Exercise aim :: Repeat exactly the lines below from the line that contains "Перемешать, жарить до" to the last line, inclusive, without the pictures.

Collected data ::
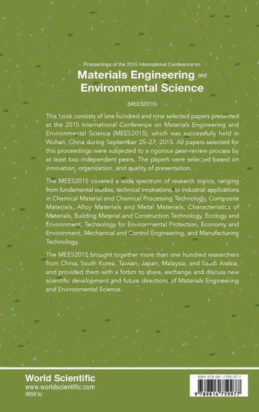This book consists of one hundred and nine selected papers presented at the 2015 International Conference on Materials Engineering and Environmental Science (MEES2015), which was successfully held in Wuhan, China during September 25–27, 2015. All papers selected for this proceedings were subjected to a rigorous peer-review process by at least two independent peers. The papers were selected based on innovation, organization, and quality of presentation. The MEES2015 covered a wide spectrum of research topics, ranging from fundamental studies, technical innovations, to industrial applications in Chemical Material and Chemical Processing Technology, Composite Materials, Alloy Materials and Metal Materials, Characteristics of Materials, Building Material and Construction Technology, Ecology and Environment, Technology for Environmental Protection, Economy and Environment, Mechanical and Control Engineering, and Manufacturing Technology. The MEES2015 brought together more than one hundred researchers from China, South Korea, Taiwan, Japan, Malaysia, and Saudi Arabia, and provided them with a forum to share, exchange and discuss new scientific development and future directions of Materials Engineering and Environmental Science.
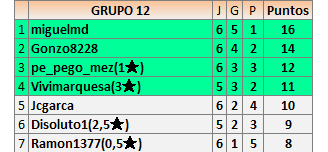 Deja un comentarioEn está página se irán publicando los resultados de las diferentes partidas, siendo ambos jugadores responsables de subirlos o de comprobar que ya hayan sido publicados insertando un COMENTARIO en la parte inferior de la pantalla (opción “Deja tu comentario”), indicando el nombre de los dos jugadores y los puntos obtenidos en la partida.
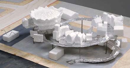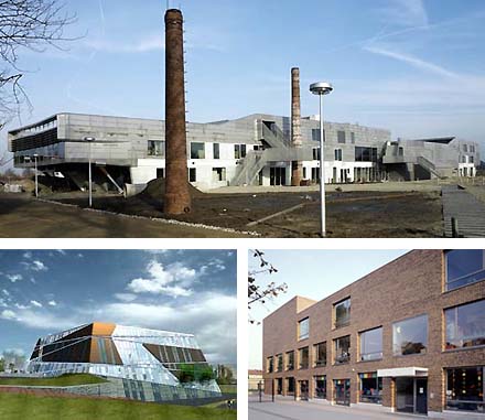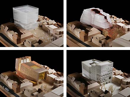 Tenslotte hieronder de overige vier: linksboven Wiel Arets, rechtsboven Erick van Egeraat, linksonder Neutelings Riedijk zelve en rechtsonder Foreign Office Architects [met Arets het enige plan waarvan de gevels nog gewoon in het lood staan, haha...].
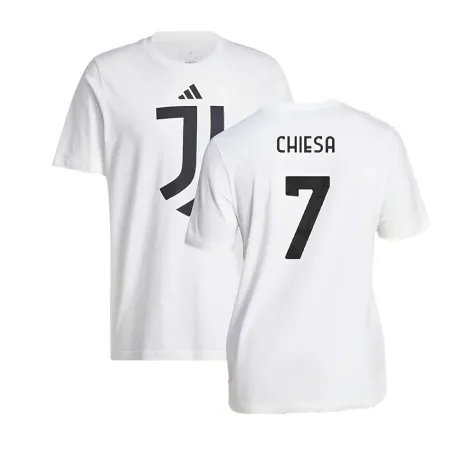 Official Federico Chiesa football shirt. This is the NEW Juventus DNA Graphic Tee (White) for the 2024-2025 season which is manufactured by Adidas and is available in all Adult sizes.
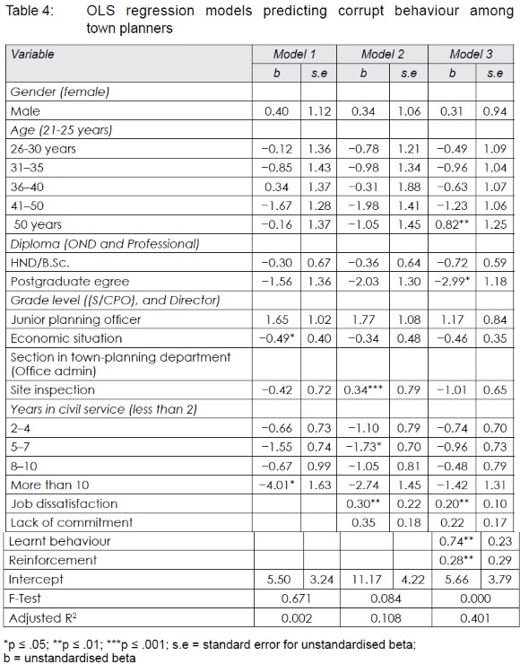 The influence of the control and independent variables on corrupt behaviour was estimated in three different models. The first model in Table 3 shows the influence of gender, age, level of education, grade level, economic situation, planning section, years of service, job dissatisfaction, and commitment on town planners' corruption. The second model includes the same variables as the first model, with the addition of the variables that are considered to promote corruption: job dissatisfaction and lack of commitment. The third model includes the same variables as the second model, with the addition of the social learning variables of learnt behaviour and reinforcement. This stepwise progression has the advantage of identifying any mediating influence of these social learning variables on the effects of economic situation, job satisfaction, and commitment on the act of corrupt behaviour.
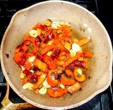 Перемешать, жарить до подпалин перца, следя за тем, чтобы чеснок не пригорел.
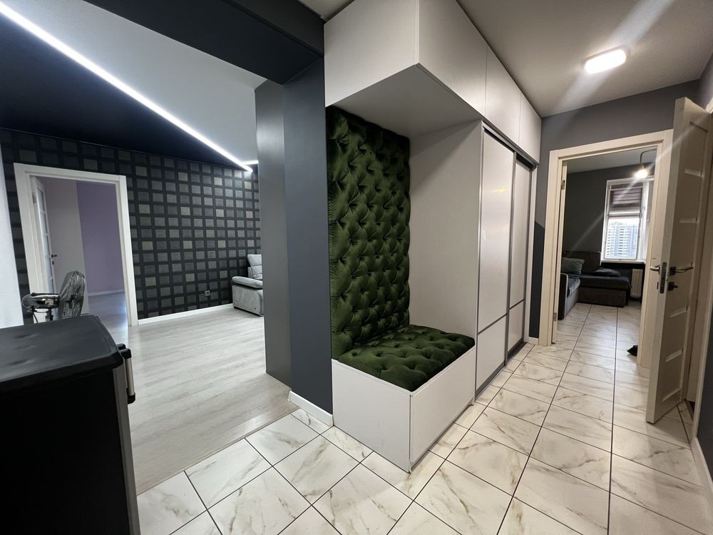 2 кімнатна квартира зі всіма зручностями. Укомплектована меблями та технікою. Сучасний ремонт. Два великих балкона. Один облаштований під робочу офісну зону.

Solution to this exercise ::
 Перемешать, жарить до подпалин перца, следя за тем, чтобы чеснок не пригорел.
 2 кімнатна квартира зі всіма зручностями. Укомплектована меблями та технікою. Сучасний ремонт. Два великих балкона. Один облаштований під робочу офісну зону.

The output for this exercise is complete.